For more on EITC, see IRS Publication 596, Earned Income Credit. It’s available in English and Spanish on IRS.gov.

The IRS is sending Letter 5025-H to tax preparers who completed returns claiming the Earned Income Tax Credit new 1/27/17

The IRS is sending Letter 5025-H to tax preparers who completed returns claiming the Earned Income Tax Credit for taxpayers reporting income they received as household employees but without a Form W-2 to substantiate the income. These preparers may not have met their EITC due diligence requirements. Learn more about this letter and other due diligence information by visiting the EITC Central page on IRS.gov.

Work as a household employee is done in the home of an individual or family. The homeowner provides the necessary supplies, determines the type of work done, and how to complete it. Examples of household employees are babysitters, caretakers, house cleaning workers, domestic workers, drivers, health aides, housekeepers, maids, nannies, private nurses, and yard workers.

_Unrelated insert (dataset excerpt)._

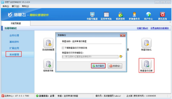 登錄客戶端電腦客戶端程序,在功能導(dǎo)航窗點(diǎn)擊“系統(tǒng)管理”—》“賬套備份還原”,會(huì)彈出賬套備份界面,直接點(diǎn)擊“執(zhí)行備份”操作,可對(duì)主機(jī)電腦進(jìn)行執(zhí)行備份操作,備份文件存在主機(jī)電腦賬套備份文件中,如下圖所示:

An employer is required to report income paid to a household employee on Form W-2 or Form 1099 if that employee earned $2,000 or more in 2016. If a household employee earned less than $2,000 from each individual household in 2016, the household employee will not receive any Forms W-2 or 1099. However, household employees may be considered self-employed, and may be required to file a Schedule C, Profit or Loss from Business (Sole Proprietorship). All household employees must keep records of who they worked for, how often, how much they were paid, and when. The records must show the employers’ names, telephone numbers, addresses where they worked, and payment receipts. Your clients will need to provide this information in case of an audit.

A paid preparer must take extra steps to ensure returns they prepare claiming the EITC are complete and correct.

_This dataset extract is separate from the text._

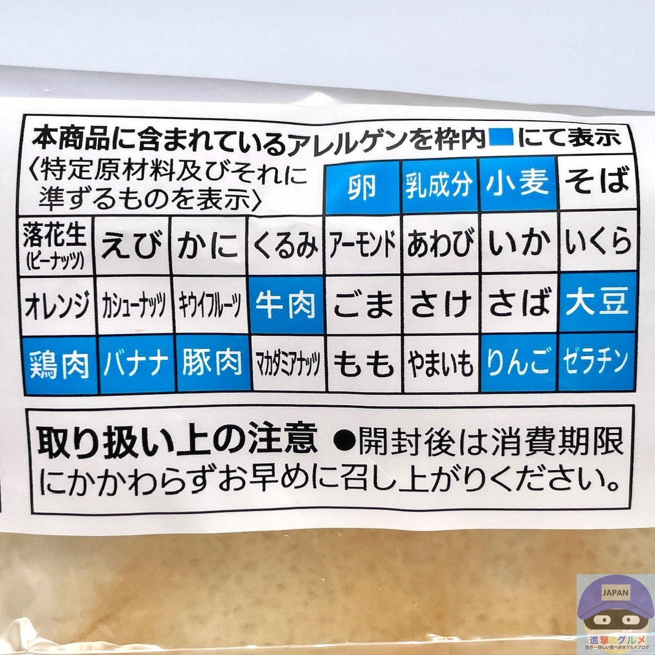 アレルギー物質表示、原材料名、栄養成分表示などです。

IRS warns of the return of the W2 Scam aimed at tax and payroll professionals new 1/26/17

Cybercriminals tricked payroll and human resource officials into disclosing employee names, SSNs and income information. The thieves then attempted to file fraudulent tax returns for tax refunds.

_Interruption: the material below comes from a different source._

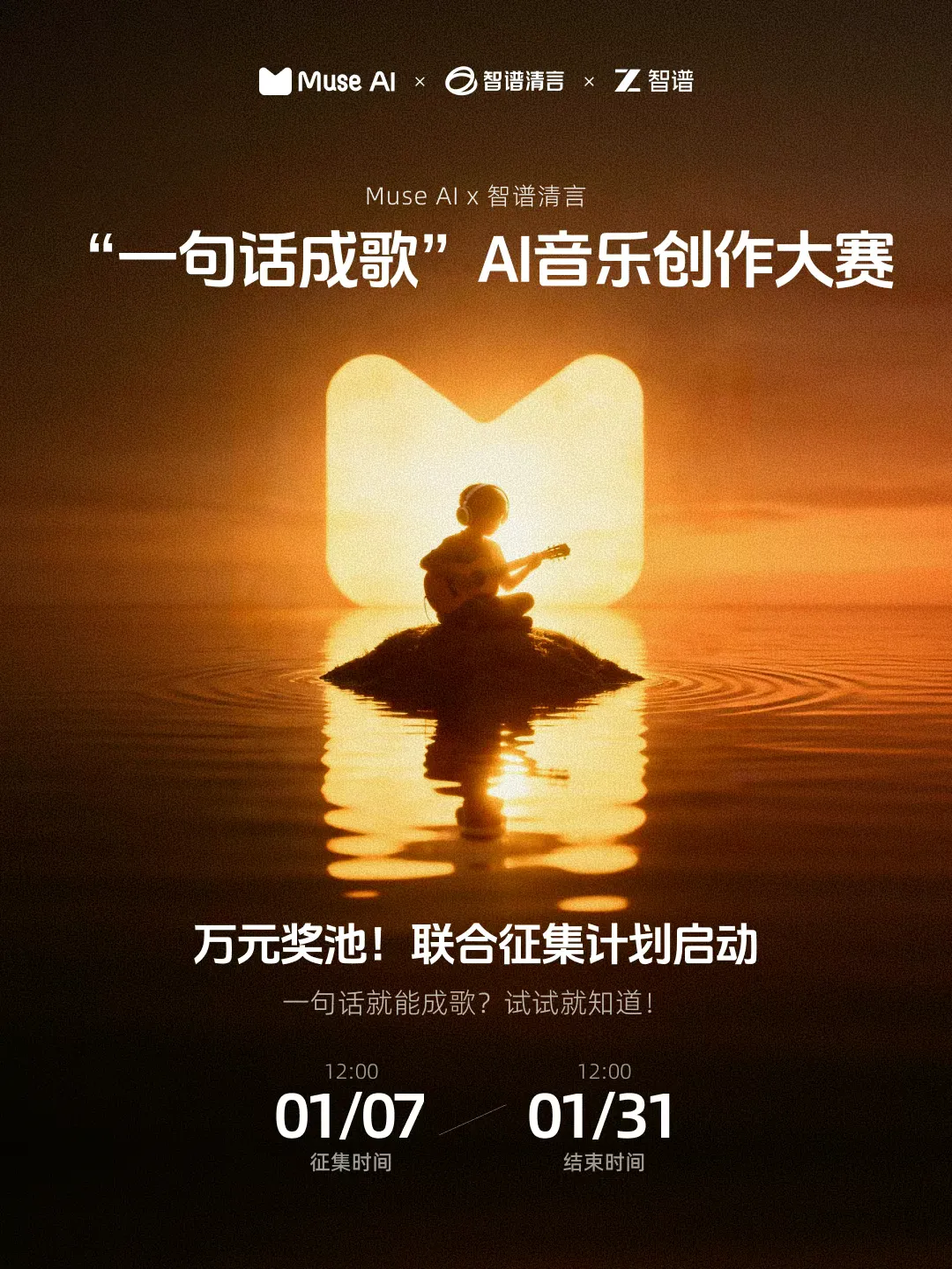 Muse AI × 智谱清言“一句话成歌” AI音乐创作大赛,万元奖池,联合征集计划启动,一句话就能成歌?试试就知道!

This phishing variation is known as a “spoofing” e-mail. It will contain, for example, the actual name of the company chief executive officer. In this variation, the “CEO” sends an email to a company payroll office or human resource employee and requests a list of employees and information including SSNs. The following are some of the details that may be contained in the emails:

IRS web page lets you find out how much you owe new 1/9/17

If you're an individual taxpayer, you can use this tool to find out:

  1. Your payoff amount, updated for the current calendar day, and
  2. the balance for each tax year for which you owe. Your balance will update no more than once every 24 hours, usually overnight.

Once you view your balance, you can immediately choose a payment option. The IRS recommends that you make a note of the amount before doing so.

To register for this service, you need:

  1. Your Social Security Number;
  2. date of birth;
  3. filing status;
  4. mailing address from latest tax return;
  5. access to your email account;
  6. your personal account number from a credit card, mortgage, home equity loan, home equity line of credit or car loan; and
  7. a mobile phone with your name on the account.

Use Publication 2043 to Set Refund Expectations for 2017 new 1/6/17

IRS Publication 2043, IRS Refund Information Guidelines for the Tax Preparation Community, was updated for 2017. The publication provides the latest refund information and guidelines to advise clients who are expecting refunds. This year's update includes information about a new law that requires the IRS to hold refunds claiming the Earned Income Tax Credit and the Additional Child Tax Credit. The IRS will begin to release EITC/ACTC refunds starting Feb. 15. However, these refunds likely will not reach taxpayers until the week of Feb. 27.